(Excerpts from a dataset)
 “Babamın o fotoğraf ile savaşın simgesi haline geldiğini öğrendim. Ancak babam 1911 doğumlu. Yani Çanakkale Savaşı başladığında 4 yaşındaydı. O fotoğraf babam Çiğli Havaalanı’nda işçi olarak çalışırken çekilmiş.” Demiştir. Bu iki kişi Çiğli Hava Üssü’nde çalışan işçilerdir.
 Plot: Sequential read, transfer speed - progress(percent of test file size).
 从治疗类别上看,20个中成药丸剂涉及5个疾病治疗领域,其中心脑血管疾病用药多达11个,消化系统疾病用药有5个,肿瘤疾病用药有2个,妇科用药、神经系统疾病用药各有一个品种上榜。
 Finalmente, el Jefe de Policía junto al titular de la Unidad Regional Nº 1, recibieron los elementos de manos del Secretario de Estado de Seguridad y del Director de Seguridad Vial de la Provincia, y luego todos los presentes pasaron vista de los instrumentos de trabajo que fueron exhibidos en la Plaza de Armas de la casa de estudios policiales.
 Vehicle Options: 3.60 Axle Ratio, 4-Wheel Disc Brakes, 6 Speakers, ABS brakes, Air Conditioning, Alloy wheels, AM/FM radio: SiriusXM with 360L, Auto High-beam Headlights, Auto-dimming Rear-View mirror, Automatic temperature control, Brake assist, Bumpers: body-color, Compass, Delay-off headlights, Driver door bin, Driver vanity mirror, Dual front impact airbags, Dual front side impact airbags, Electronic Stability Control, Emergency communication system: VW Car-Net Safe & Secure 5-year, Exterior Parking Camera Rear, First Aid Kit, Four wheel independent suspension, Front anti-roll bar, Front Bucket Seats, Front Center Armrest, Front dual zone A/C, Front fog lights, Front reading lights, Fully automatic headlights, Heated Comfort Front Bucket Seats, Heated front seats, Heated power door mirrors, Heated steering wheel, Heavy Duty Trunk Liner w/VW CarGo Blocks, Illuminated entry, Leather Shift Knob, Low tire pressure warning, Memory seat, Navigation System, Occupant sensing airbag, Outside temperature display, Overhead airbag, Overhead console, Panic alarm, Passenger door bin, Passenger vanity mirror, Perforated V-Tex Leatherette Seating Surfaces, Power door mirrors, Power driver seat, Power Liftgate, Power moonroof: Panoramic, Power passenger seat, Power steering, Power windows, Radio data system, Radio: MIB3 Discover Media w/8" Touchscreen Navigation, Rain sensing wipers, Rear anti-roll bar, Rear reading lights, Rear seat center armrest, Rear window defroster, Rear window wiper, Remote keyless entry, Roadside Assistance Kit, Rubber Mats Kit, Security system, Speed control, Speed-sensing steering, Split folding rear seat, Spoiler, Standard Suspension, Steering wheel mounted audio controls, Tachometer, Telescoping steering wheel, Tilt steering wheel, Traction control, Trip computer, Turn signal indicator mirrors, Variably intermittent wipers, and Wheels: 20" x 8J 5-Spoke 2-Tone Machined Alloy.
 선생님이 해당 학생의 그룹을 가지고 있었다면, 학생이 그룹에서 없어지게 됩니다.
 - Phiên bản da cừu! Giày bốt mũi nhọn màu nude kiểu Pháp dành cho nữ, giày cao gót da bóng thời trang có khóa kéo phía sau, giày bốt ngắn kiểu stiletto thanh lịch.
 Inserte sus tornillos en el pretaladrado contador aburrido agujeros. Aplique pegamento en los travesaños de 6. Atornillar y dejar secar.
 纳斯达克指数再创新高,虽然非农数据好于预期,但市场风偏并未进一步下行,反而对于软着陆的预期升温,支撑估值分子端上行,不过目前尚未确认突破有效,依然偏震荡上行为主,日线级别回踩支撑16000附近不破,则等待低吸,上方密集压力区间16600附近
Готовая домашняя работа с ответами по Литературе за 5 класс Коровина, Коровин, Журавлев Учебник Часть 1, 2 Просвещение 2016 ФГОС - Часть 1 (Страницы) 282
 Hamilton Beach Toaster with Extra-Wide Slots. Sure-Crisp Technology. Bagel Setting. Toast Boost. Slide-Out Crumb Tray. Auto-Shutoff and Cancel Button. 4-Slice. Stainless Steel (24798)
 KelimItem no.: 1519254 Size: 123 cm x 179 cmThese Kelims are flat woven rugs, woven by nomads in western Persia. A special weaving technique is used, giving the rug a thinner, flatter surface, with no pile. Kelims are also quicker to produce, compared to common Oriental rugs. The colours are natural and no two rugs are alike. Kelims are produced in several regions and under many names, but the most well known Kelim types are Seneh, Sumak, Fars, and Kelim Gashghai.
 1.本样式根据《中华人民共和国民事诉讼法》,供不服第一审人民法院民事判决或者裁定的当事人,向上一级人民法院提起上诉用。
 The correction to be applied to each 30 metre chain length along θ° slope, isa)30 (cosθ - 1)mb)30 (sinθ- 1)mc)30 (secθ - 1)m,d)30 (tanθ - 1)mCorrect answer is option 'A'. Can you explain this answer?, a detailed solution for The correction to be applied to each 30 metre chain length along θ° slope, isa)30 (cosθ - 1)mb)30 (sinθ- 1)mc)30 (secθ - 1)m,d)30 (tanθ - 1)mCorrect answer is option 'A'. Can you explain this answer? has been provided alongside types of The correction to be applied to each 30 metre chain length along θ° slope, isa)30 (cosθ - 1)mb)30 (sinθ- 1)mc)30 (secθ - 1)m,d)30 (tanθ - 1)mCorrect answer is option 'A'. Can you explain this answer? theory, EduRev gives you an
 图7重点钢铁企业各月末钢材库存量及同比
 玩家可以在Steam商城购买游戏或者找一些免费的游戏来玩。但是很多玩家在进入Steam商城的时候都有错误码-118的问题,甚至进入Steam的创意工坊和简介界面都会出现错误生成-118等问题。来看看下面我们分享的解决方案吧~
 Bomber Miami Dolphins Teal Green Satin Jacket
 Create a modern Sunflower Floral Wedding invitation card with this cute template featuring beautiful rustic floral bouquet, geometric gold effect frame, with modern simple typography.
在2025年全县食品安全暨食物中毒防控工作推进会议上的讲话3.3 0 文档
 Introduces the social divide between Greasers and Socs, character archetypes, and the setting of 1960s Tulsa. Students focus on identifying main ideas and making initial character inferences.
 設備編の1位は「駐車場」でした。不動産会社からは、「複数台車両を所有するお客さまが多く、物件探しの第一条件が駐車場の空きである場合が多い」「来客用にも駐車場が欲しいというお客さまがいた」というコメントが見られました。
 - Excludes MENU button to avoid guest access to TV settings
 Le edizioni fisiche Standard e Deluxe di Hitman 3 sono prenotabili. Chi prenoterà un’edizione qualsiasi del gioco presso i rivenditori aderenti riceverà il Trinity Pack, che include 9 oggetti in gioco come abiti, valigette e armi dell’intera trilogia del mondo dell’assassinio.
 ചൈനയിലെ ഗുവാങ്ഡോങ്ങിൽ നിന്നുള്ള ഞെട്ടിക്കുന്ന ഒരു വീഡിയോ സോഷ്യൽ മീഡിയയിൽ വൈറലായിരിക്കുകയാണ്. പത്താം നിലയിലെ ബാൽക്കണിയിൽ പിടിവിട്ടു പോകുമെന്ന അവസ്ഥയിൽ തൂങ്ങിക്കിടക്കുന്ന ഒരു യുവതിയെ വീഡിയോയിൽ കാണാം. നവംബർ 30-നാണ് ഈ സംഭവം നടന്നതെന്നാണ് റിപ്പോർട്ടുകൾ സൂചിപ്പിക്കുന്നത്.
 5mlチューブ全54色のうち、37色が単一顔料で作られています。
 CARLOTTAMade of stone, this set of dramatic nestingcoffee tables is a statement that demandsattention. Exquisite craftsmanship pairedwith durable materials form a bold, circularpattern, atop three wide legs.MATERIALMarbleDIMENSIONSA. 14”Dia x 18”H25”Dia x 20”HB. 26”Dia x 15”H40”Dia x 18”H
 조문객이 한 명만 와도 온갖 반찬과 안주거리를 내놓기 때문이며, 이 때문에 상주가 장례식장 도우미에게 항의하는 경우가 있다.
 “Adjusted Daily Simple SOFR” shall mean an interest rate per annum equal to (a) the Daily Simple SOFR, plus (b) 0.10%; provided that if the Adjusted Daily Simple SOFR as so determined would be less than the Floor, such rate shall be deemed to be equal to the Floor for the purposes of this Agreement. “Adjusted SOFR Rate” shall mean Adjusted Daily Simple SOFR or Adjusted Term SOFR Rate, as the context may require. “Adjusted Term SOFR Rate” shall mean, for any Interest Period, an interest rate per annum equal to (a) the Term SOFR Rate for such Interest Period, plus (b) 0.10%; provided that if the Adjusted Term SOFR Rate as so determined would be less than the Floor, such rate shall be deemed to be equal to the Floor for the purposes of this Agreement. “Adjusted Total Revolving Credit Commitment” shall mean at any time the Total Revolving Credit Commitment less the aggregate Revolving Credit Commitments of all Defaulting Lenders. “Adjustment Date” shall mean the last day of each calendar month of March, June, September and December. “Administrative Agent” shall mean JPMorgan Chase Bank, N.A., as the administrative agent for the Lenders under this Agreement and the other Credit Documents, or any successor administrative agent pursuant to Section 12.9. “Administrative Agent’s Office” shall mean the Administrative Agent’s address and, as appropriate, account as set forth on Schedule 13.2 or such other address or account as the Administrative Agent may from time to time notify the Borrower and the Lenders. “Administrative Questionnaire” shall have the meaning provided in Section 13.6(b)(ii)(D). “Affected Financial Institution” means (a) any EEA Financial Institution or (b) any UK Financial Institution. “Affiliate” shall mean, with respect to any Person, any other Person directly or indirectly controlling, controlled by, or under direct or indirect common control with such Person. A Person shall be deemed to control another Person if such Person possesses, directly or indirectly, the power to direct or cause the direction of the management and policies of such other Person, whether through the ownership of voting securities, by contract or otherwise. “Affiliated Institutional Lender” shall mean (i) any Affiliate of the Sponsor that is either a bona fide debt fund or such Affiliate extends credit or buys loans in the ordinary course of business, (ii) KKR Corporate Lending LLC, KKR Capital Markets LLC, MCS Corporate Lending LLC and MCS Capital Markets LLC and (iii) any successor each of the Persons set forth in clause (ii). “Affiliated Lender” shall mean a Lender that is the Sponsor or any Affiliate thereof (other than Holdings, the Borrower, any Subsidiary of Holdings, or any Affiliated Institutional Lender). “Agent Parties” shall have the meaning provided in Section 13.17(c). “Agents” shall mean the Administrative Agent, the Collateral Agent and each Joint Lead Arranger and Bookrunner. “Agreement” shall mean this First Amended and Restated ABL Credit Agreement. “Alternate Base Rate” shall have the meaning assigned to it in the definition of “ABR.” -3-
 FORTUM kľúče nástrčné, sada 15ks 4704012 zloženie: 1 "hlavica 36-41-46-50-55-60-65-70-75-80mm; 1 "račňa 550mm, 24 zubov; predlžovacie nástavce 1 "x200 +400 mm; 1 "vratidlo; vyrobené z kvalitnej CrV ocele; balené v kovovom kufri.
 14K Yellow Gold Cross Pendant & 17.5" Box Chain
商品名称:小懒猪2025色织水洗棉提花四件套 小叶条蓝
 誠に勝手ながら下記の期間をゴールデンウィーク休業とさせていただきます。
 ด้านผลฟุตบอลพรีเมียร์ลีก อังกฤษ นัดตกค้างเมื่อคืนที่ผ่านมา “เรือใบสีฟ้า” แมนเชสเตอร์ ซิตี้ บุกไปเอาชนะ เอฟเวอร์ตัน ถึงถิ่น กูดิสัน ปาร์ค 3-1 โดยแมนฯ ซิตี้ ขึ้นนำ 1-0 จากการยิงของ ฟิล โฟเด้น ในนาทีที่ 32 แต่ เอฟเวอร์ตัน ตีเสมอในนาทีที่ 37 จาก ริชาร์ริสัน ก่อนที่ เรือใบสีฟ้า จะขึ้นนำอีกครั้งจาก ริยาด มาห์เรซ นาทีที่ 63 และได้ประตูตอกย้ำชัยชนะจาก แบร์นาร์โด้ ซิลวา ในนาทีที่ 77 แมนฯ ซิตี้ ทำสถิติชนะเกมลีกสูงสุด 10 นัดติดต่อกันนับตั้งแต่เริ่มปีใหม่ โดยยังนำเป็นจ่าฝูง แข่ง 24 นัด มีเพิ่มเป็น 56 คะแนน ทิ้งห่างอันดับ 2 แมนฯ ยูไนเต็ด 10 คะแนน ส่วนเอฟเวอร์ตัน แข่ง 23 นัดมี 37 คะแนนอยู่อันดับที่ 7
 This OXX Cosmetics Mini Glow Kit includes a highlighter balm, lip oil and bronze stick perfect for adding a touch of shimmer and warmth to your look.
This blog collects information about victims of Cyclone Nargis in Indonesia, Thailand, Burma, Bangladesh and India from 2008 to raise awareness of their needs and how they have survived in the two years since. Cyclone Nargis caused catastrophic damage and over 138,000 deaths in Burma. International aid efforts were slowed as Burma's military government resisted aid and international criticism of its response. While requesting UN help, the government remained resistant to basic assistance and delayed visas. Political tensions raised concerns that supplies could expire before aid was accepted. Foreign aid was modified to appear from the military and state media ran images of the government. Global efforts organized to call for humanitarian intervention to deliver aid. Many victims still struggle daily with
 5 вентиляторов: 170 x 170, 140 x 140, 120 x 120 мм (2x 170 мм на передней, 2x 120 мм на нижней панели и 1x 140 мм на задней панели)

■ What you need to do ■
Take the line containing "FORTUM kľúče nástrčné, sada" as the first line and the last line of the data above as the final one. Write out these lines and all between them exactly.

■ Answer to this task ■
 FORTUM kľúče nástrčné, sada 15ks 4704012 zloženie: 1 "hlavica 36-41-46-50-55-60-65-70-75-80mm; 1 "račňa 550mm, 24 zubov; predlžovacie nástavce 1 "x200 +400 mm; 1 "vratidlo; vyrobené z kvalitnej CrV ocele; balené v kovovom kufri.
 14K Yellow Gold Cross Pendant & 17.5" Box Chain
商品名称:小懒猪2025色织水洗棉提花四件套 小叶条蓝
 誠に勝手ながら下記の期間をゴールデンウィーク休業とさせていただきます。
 ด้านผลฟุตบอลพรีเมียร์ลีก อังกฤษ นัดตกค้างเมื่อคืนที่ผ่านมา “เรือใบสีฟ้า” แมนเชสเตอร์ ซิตี้ บุกไปเอาชนะ เอฟเวอร์ตัน ถึงถิ่น กูดิสัน ปาร์ค 3-1 โดยแมนฯ ซิตี้ ขึ้นนำ 1-0 จากการยิงของ ฟิล โฟเด้น ในนาทีที่ 32 แต่ เอฟเวอร์ตัน ตีเสมอในนาทีที่ 37 จาก ริชาร์ริสัน ก่อนที่ เรือใบสีฟ้า จะขึ้นนำอีกครั้งจาก ริยาด มาห์เรซ นาทีที่ 63 และได้ประตูตอกย้ำชัยชนะจาก แบร์นาร์โด้ ซิลวา ในนาทีที่ 77 แมนฯ ซิตี้ ทำสถิติชนะเกมลีกสูงสุด 10 นัดติดต่อกันนับตั้งแต่เริ่มปีใหม่ โดยยังนำเป็นจ่าฝูง แข่ง 24 นัด มีเพิ่มเป็น 56 คะแนน ทิ้งห่างอันดับ 2 แมนฯ ยูไนเต็ด 10 คะแนน ส่วนเอฟเวอร์ตัน แข่ง 23 นัดมี 37 คะแนนอยู่อันดับที่ 7
 This OXX Cosmetics Mini Glow Kit includes a highlighter balm, lip oil and bronze stick perfect for adding a touch of shimmer and warmth to your look.
This blog collects information about victims of Cyclone Nargis in Indonesia, Thailand, Burma, Bangladesh and India from 2008 to raise awareness of their needs and how they have survived in the two years since. Cyclone Nargis caused catastrophic damage and over 138,000 deaths in Burma. International aid efforts were slowed as Burma's military government resisted aid and international criticism of its response. While requesting UN help, the government remained resistant to basic assistance and delayed visas. Political tensions raised concerns that supplies could expire before aid was accepted. Foreign aid was modified to appear from the military and state media ran images of the government. Global efforts organized to call for humanitarian intervention to deliver aid. Many victims still struggle daily with
 5 вентиляторов: 170 x 170, 140 x 140, 120 x 120 мм (2x 170 мм на передней, 2x 120 мм на нижней панели и 1x 140 мм на задней панели)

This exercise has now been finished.